CONSULTA HIPÓCRITA. por JORGE OVIEDO RUEDA

Misho presidente acaba de amenazar a la conciencia progresista del país con una nueva consulta popular, esta vez para saber si el pueblo ecuatoriano está o no de acuerdo con el matrimonio gay o la familia alternativa. Creo que esta iniciativa lo muestra de cuerpo entero.

Un  gobierno del pueblo no es lo mismo que un gobierno para el pueblo. En el primer caso el pueblo conduce el Estado, en el segundo, sólo es pasajero. Cuando el pueblo conduce el Estado sabe que las instituciones heredadas del pasado son portadoras de todo lo malo y que, para acabar con ello, es necesario cambiarlas por otras. La burguesía hizo lo propio con las instituciones monárquicas, el pueblo trabajador tiene que hacer lo mismo con las instituciones burguesas; pero, aun así, las ideas del viejo régimen se niegan a desaparecer.
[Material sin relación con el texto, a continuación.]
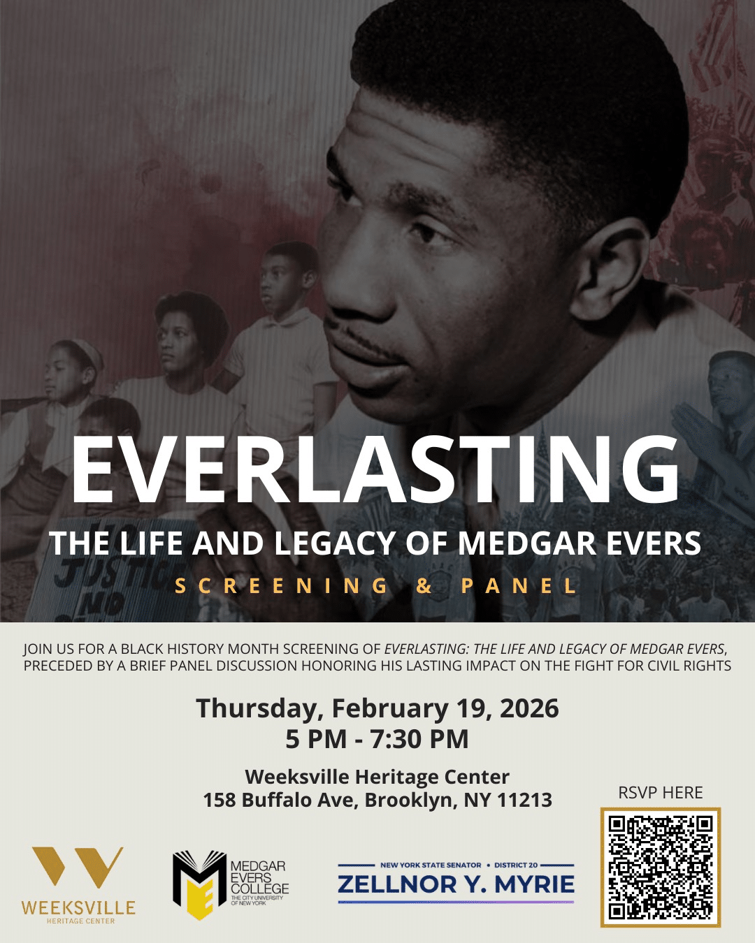 Join us on Thursday, February 19th, for a brief panel discussion and screening of "Everlasting: The Life and Legacy of Medgar Evers," celebrating the life, work, and enduring legacy of the civil rights icon.

Es  la nueva sociedad la que se encarga de hacerlo, en un largo proceso de lucha y contrapunto de lo nuevo con lo viejo.

Un líder revolucionario no se aferra a las viejas instituciones, peor aún a los constructos mentales que persisten en la conciencia de la gente. La familia tradicional decadente, en la que el hombre reina, la mujer obedece y los hijos reproducen esa miseria, nunca será la familia que exista en un  régimen revolucionario. Esa familia tiene que desaparecer y surgir otra en la que la igualdad de derechos prevalezca, sea o no heterosexual. Que haya una familia del mismo sexo no quiere decir que sea inmoral, sólo que tiene otra moral.

Que el pueblo llano no esté en condiciones de asimilar tan complejo problema se entiende, pero que un líder que se dice jefe de una revolución defienda la más obsoleta y decadente institución del sistema, se explica sólo porque tenemos de presidente a un inquisidor disfrazado de revolucionario.